FAMILY INDEPENDENCE AGENCY,
UNPUBLISHED
May 18, 1999
Petitioner-Appellee,
v
No. 213716; 213936
Ingham Circuit Court
Family Division
LC No. 00004347
MADONNA SERVIS and DANIEL ENNESS,
Respondents-Appellants.
Before: Griffin, P.J., and Cavanagh and Fitzgerald, JJ.
MEMORANDUM.
Respondents appeal as of right from a family court order terminating their parental rights to the
minor children pursuant to MCL 712A.19b(3)(c)(i), (g) and (h); MSA 27.3178(598.19b)(3)(c)(i), (g)

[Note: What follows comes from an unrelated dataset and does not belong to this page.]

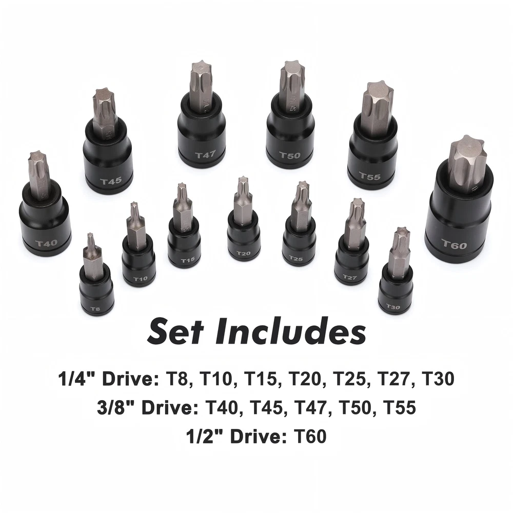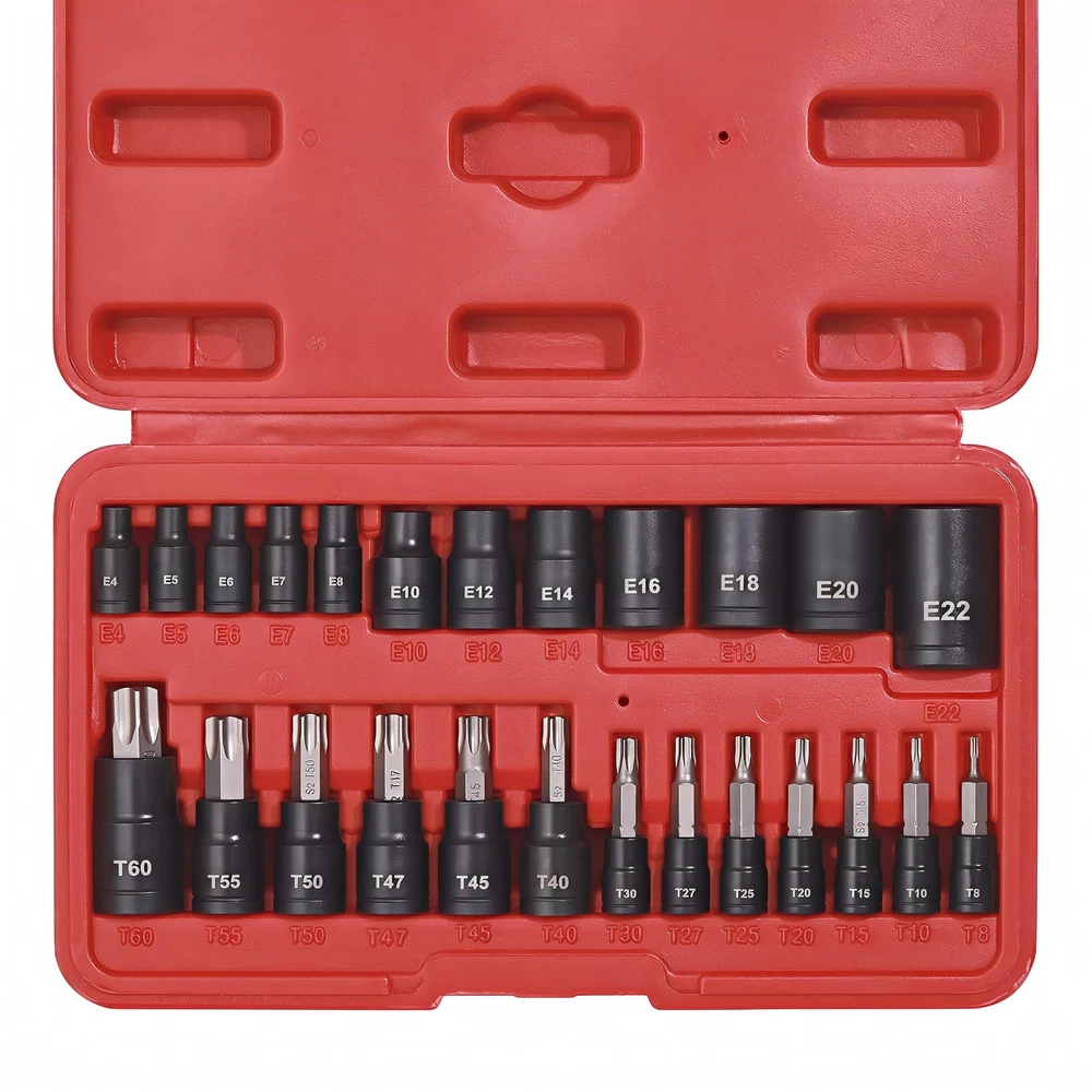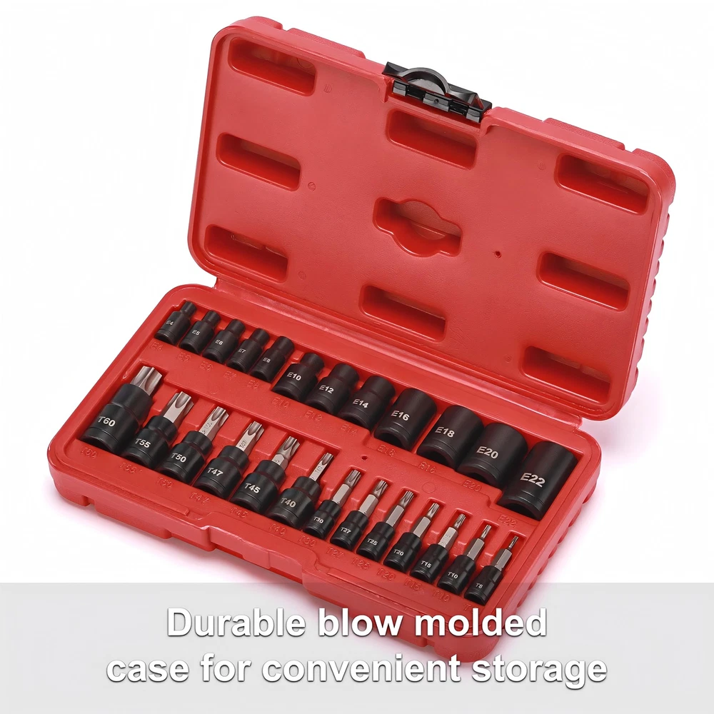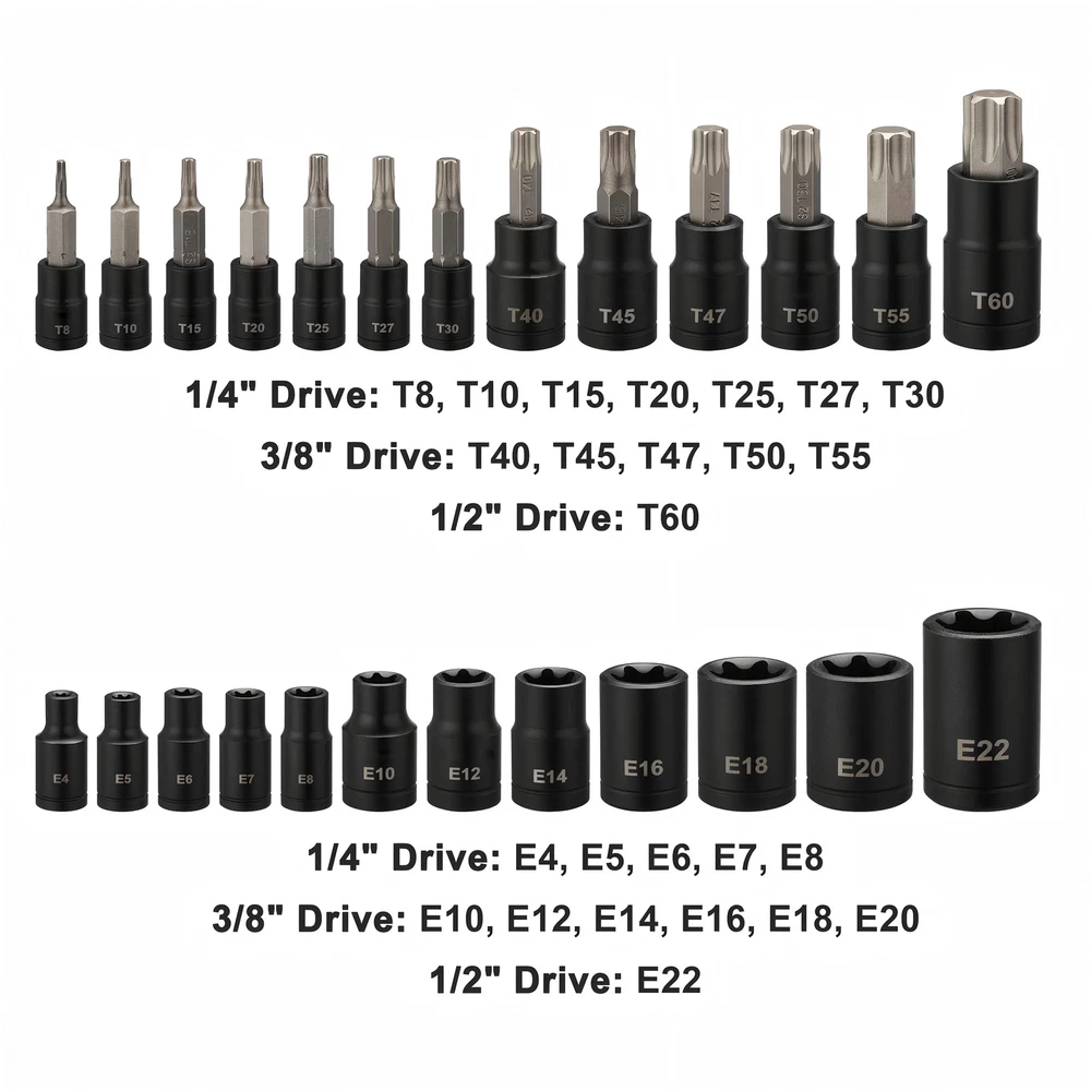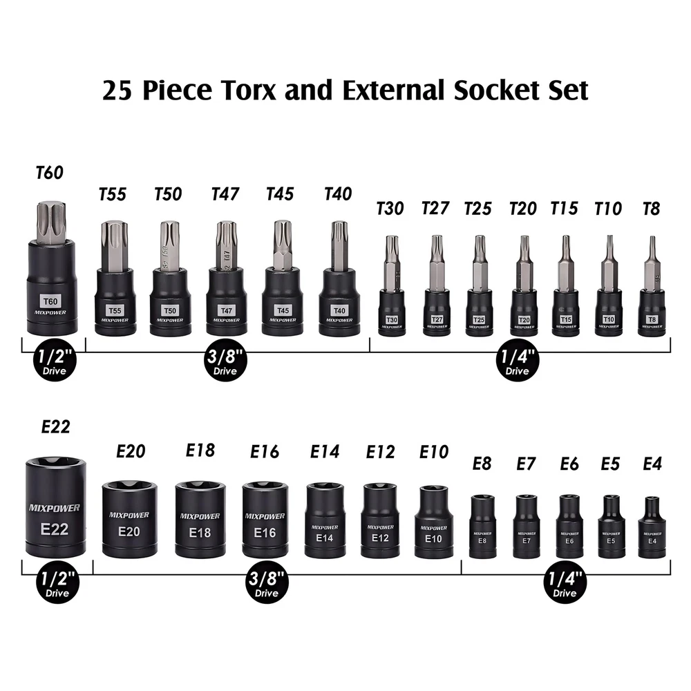 Set Include: 13 Star Socket Bits T: 1/4" Drive: T8, T10, T15, T20, T25, T27, T30; 3/8" Drive: T40, T45, T47, T50, T55; 1/2" Drive: T60 12 Female E-Torx Sockets E: 1/4" Drive: E4, E5, E6, E7, E8; 3/8” Drive: E10, E12, E14, E16, E18, E20 1/2” Drive: E22 25 Piece Torx Bit Socket and Female External Socket Set, 13 Star Socket Bits (T8- T60)& 12 Female E-Torx Sockets (E4-E22) Description The set is made from Heavy-duty Chrome-Vanadium steel alloy (50BV30) and S2 with a corrosion-resistant black phosphate finish, providing the durability for a hard use. The socket is High-contrast laser etched with high-visibility markings and hard stamped with size labels. Quality Heat Treated S2 Alloy Steel Torx Bits Heat Treated CR-V Sockets with Corrosion-resistant black phosphate finish Permanent high visibility laser etched size marking Come with a heavy duty blow molded storage case, easy to carry

and (h). We affirm. This case is being decided without oral argument pursuant to MCR 7.214(E).
The family court did not clearly err in finding that §§ 19b(3)(c)(i) and (g) were established by
clear and convincing evidence with respect to respondent Servis, and that §§ 19b(3)(g) and (h) were
established by clear and convincing evidence with respect to respondent Enness. In re Hall-Smith,
222 Mich App 470, 472-473; 564 NW2d 156 (1997); In re Vasquez, 199 Mich App 44, 51-52; 501
NW2d 231 (1993). Although the court did not expressly refer to §§ 19b(3)(g) and (h) when
terminating respondent Enness’ parental rights, it is clear from the court’s opinion that it relied on these
statutory grounds as the basis for its decision and that it correctly applied the law in resolving the issues
before it. Thus, appellate review would not be facilitated by remanding for additional explanation.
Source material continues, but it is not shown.